Showing posts with label first time parent. Show all posts
Showing posts with label first time parent. Show all posts

Saturday, August 17, 2013

50 Things I Want to Teach My Daughter


  1. Dumbing yourself down isn't cute. Embrace knowledge.
  2. Respect your body. You can't ask someone else to if you don't.
  3. Modest is hottest. 
  4. Be brave. Try new things and don't be afraid to fail.
  5. No matter what you do or where you go, your dad and I will always be here.
  6. Despite what the world tells you, a kiss is special. Save it for someone who believes that too.
  7. Don't tell someone that you love them until you're 100% sure you know what that means. Love is forever.
  8. Always admit when you're wrong. We learn from our mistakes.
  9. It's OK to have regrets. We learn from those too. 
  10. Treat others the way you want to be treated.
  11. Be quick to give a smile. It could brighten someone's day.
  12. Always forgive. Nothing is unforgivable.
  13. Read lots and lots of books. Both for learning and for pleasure.
  14. Take school seriously. There will come a day when you'll wish you'd worked harder.
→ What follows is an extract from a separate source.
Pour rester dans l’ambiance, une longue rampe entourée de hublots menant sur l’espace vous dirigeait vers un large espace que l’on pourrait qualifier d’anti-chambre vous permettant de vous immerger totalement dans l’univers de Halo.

  15. Don't do things just because others are doing them. Be bold enough to go against the flow.
  16. Figure out why you believe what you say you believe in. Be ready to defend it to anyone that asks.
  17. Feelings are OK but they're also not a solid foundation for our choices. Use both your knowledge of right and wrong and your gut to determine your course of action.
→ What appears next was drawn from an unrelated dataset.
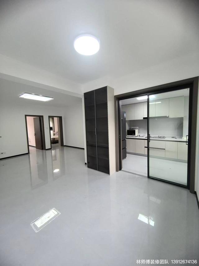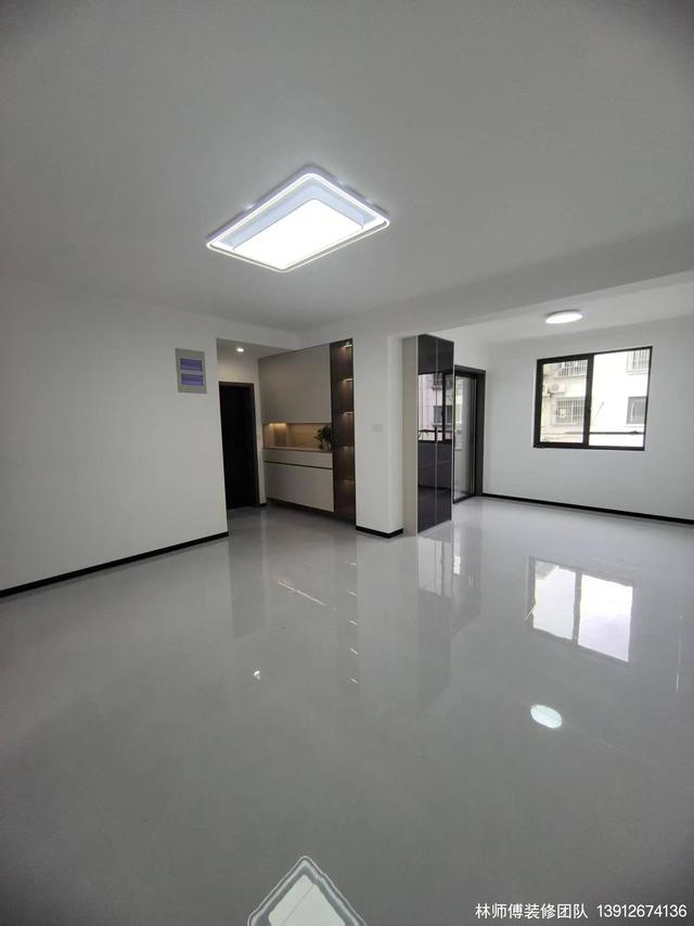 客厅以 “灰色地面 + 白色墙面” 的经典搭配奠定清爽基调,800×800mm 浅灰色地砖通铺,与白色环保乳胶漆墙面形成冷暖平衡,让空间显得格外开阔。目前家具暂未进场,但这种 “留白设计” 恰好凸显了空间的通透本质,为后续软装搭配预留了充足发挥空间。

  18. Never speak out of anger. Once something is said, it can't be unsaid.
  19. You have no idea what others are going through. Be kind.
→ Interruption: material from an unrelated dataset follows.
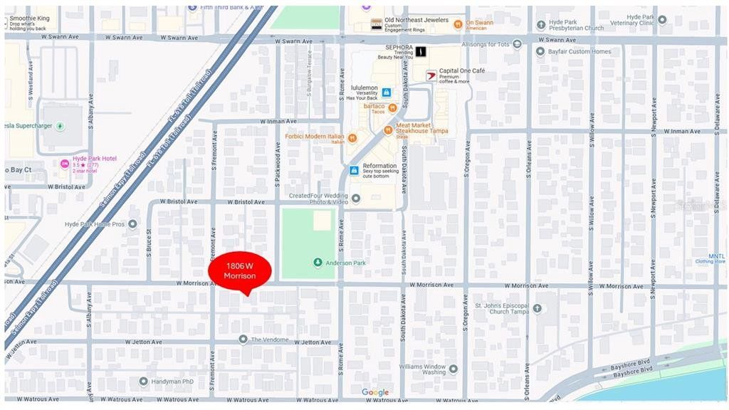 Live across from Anderson Park in Hyde Park on Morrison. This 2nd floor spacious newly renovated 1922 vintage apartment is undergoing final touches and will be available for annual lease in MAY 2026. Relax on the 20ft by 8ft covered screen front balcony overlooking Morrison and Anderson Park. Large Apt with 1175 Sqft, one bedroom one bath with fireplace, storage closets, off street parking. Water, sewer, trash, and yard maintenance included. Features include: front load washer and dryer, stainless steel appliances, granite countertops, gleaming original wood floors, tile floors, high ceilings, heavy base board moldings, picture railings, crystal door knobs, window sash, plaster walls, and very light and bright throughout! Enjoy Living in the heart of Hyde Park shopping, dining, events, and convenience to SoHo District and Bayshore Blvd, the longest linear sidewalk in South Tampa along the bay and connectivity to Davis Island and Harbour Island and downtown.

  20. If your friends make fun of you for standing for what you believe is right, they're not your friends.
  21. Don't ever make a life decision based on a boy. 
  22. Also, don't let your emotions be determined by the relationship you're in. Find your joy in the fact that you're a child of God.
  23. We can't control what others do or say but we can control our own actions. 
  24. Love everyone without expecting anything in return.
  25. Always say thank you to those that extend help.
  26. Work hard and do everything to the best of your ability. As long as you give it your all, I'll be proud no matter what the outcome.
  27. Material things will come and go but happiness in life is your decision.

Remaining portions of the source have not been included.